В момент пересечения границы между Лабиринтом и лесом старший на мгновение утратил все ощущения. Он не чувствовал своего тела, не видел и не слышал ничего, даже собственного сердцебиения. Наверно, именно в то мгновение он и разжал пальцы, потому что когда он снова ощутил себя, он был в лесу один. Он долго оглядывался и прислушивался, не веря себе, но не услышал ни одного звука, который мог бы произвести человек в лесу. Безымянный оставался на этом месте до утра, а потом еще несколько дней бродил вокруг, напрасно ожидая спутника. Наконец он понял, что Лабиринт сумел-таки в последний момент разлучить их. Странно, но это не вызвало у него того взрыва отчаяния и возмущения, которого он ждал. Главным было, что младший тоже был свободен, где-то в этом мире он был и был счастлив, потому что свободен, и в этом он был абсолютно, непреложно уверен, как и в том, что они уже никогда не встретятся. Эта уверенность пришла к нему сама и дала ему силы уйти наконец из леса и пойти на поиски людей.
- Мастер, ну почему Вы тратите на этих мерзавцев столько сил? - спросил ученик у мага, помогая ему сесть на скамье. Пустую клетку уже увезли. Маг выглядел очень плохо, губы его посерели, он тяжело привалился спиной к стене.
- Дай мне горячего, - попросил маг. Ученик быстро налил ему подогретого напитка и вложил теплую кружку в ладони.

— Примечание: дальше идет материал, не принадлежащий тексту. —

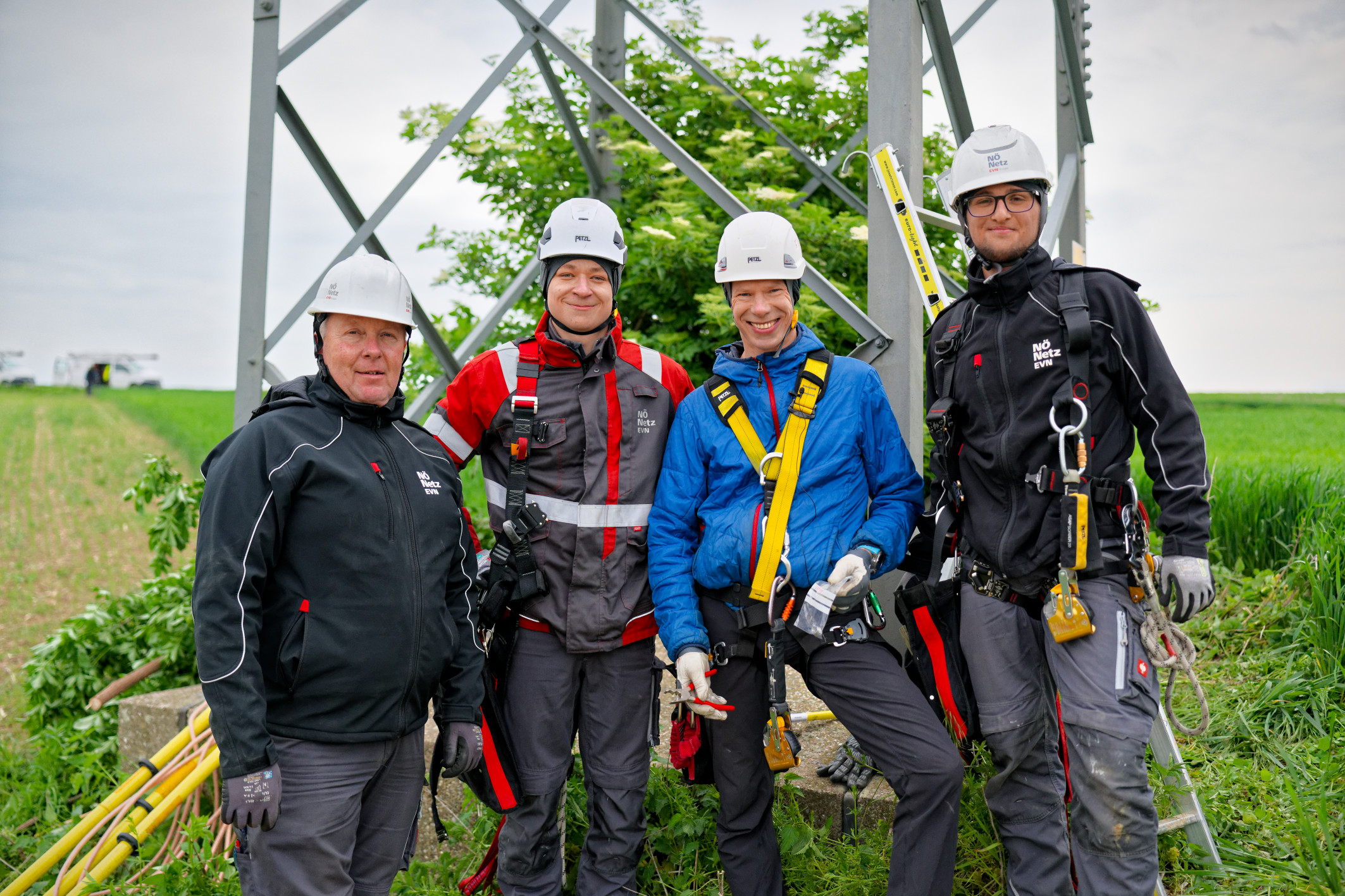 Bild 1: v.l.n.r Johannes Neuditschko (Netz NÖ), Tobias Artner (Netz NÖ), Wildtierökologe Richard Zink und Dominik Fasching (Netz NÖ).

"Каждый раз он меня спрашивает об этом, и каждый раз я отвечаю ему одно и тоже - это моя работа", думал маг, медленно отхлебывая из кружки, которую ученик терпеливо держал у его губ. На стене напротив скамьи, на которой они сидели, висел листок бумаги. Маг, как всегда после Лабиринта, смотрел на детский рисунок из далекого прошлого - до того, как сын разбогател на работорговле. "Наверно, сегодня я отвечу ему по-другому. Я скажу ему: это мой долг. И объясню, что иногда приходится отдавать долг не тому, кому ты должен, а тому, кому можно, и что такие долги тяжелее всего, потому что ты уже никогда не услышишь: все, хватит, ты расплатился со мной. Я скажу ему: тот, из кого я должен был сделать человека, мертв, но этим мерзавцам, как ты их называешь, я могу помочь стать людьми. И еще я скажу ему: может быть, уже в следующий раз я не проснусь, когда клетка опустеет. Я не имею права просить тебя или приказывать тебе, но если у тебя тоже есть такой долг, который уже некому отдавать, скажу я ему, то проведи хотя бы одного через Лабиринт". Эту речь он продумывал давно, но сейчас ему казалось, что он упустил что-то важное. Он попытался сделать вдох поглубже и не смог: на груди как будто лежал камень. Ученик что-то кричал, но маг уже не слышал его. "Кем же он будет в Лабиринте", подумал маг перед тем, как потерять сознание, "у него же не было сына".